His book shines a welcome light on the now long forgotten pre WW1 era and country life of that period. Moreover, he goes on to extend the critically important social upheaval both locally to Didcot and indeed the whole country arising from WW1.

The location near Churn, was created for the National Rifle Association, the land was gifted by Lord Wantage, both a prominent member of the Association and crucially a GWR Director! However, the Association itself preferred Bisley for its National base. Nevertheless, from about 1889 the military held annual camps there and on the death of Lord Wantage in 1901, the Army took it over permanently!

Searching in the Great Western Railway Magazine, of which the Great Western Trust has a full set, we find a report in the November 1905 edition:

Autumn Cavalry Manoeuvres

A busy time was experienced at the temporary station at Churn near Newbury, in connection with the Autumn Cavalry Manoeuvres. The Household Brigade, the 1st and 2nd Cavalry brigades, with R. H. Artillery, Royal Engineers, Mounted Infantry, and Army Service Corps, were encamped on the Berkshire downs, the total number being about 5,000. For supplying these and their horses, special goods trains were run from Didcot each morning, while many varied consignments were also received.

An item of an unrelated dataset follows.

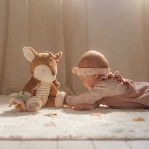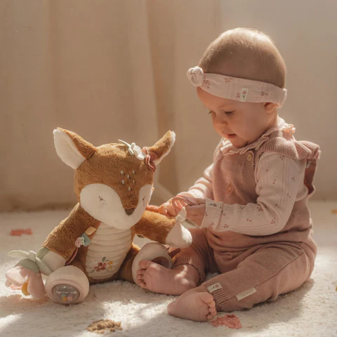 Coccole e giochi! Questo dolce cerbiatto promette molto più di semplici coccole. Scopri tutte le attività che nasconde. Il sonaglio, la farfalla che fruscia sulla spalla, le targhette e i fiori con cui giocherellare. Gli anelli sulla zampa e lo specchio sotto un piede: tanti dettagli per stimolare la curiosità del tuo piccolo. E dopo tutto quel gioco, il grazioso cerbiatto ispira i sogni più dolci sul giardino delle fate.

During the month a large number of passengers were dealt with, as well as the entire postal Telegraph service in connection with the camp. The station being practically in the camp, the staff were bombarded with enquiries from “early morn to dewy eve”, but everything passed off satisfactorily. The camp broke up on September 22nd and 23rd, when several special troop trains were run en-route to Canterbury and Shorncliffe. The station was closed on October 9th, until the next camp is held at Churn.

That annual activity had many consequences. It demonstrated to the Army, the training attractions offered by the locality and that the GWR could provide excellent train connections for the men and equipment. It is highly likely that in the following years, the extended number of men fully trained, including in rifle shooting etc, significantly benefitted the Army upon its rapid deployment to France at the start of WW1. Even greater than all that, was the Army realising that Didcot itself had potential for a rail connected munitions and stores depot, eventually constructed in 1914-1915 where Didcot Power Station and the vast industrial estate of Milton now exists. The Trust collections hold key documents relating to its construction and long term operation by the GWR and BRWR, and Brian Lingham’s book has much of interest to add on that topic too.

So a modest public notice, has a much bigger story to tell than at first sight. Apart from, that is, a Special Arrangement for a very important clientele for the GWR!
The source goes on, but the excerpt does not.